> _Work to be completed_
Using the listing below, set down each line from the line containing "Funkcia 2 v" through the line containing "Світильник з датчиком", both ends included, exactly and with nothing added.

> _Provided records_
+ + +

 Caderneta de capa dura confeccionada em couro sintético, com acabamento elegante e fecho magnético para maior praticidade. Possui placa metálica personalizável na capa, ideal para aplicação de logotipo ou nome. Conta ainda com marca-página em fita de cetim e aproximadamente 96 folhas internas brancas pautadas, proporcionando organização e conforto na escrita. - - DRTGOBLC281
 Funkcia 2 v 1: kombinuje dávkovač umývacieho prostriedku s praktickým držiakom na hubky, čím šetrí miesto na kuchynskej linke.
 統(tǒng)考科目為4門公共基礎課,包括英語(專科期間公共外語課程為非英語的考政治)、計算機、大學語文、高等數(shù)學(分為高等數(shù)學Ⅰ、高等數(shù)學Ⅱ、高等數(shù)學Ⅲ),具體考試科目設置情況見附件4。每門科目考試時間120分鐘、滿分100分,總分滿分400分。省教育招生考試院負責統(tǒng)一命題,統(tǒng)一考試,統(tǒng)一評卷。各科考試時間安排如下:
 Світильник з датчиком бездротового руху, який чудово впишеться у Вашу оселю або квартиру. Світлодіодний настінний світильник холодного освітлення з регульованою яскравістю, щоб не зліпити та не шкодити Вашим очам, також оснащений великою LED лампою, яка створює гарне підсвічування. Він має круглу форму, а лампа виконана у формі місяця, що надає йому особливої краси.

+ + +

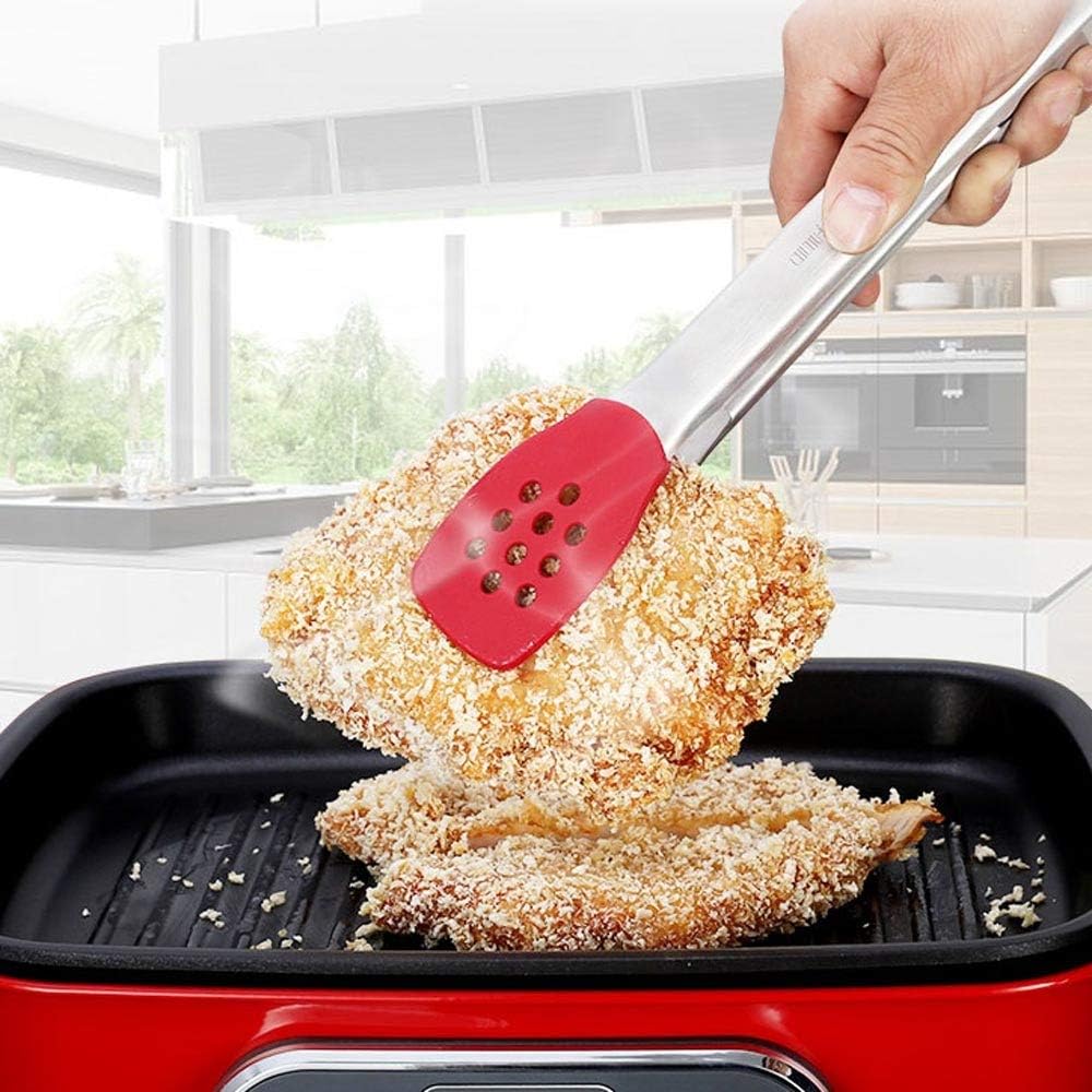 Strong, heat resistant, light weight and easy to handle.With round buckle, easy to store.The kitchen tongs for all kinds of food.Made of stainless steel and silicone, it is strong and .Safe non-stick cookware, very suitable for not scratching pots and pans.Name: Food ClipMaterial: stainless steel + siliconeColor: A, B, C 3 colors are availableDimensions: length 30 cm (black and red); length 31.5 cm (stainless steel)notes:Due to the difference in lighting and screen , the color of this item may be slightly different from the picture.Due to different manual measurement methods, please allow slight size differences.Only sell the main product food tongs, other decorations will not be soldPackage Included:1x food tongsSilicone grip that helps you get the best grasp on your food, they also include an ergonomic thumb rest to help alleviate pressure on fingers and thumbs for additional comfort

+ + +

> _Answer to this task_
 Funkcia 2 v 1: kombinuje dávkovač umývacieho prostriedku s praktickým držiakom na hubky, čím šetrí miesto na kuchynskej linke.
 統(tǒng)考科目為4門公共基礎課,包括英語(專科期間公共外語課程為非英語的考政治)、計算機、大學語文、高等數(shù)學(分為高等數(shù)學Ⅰ、高等數(shù)學Ⅱ、高等數(shù)學Ⅲ),具體考試科目設置情況見附件4。每門科目考試時間120分鐘、滿分100分,總分滿分400分。省教育招生考試院負責統(tǒng)一命題,統(tǒng)一考試,統(tǒng)一評卷。各科考試時間安排如下:
 Світильник з датчиком бездротового руху, який чудово впишеться у Вашу оселю або квартиру. Світлодіодний настінний світильник холодного освітлення з регульованою яскравістю, щоб не зліпити та не шкодити Вашим очам, також оснащений великою LED лампою, яка створює гарне підсвічування. Він має круглу форму, а лампа виконана у формі місяця, що надає йому особливої краси.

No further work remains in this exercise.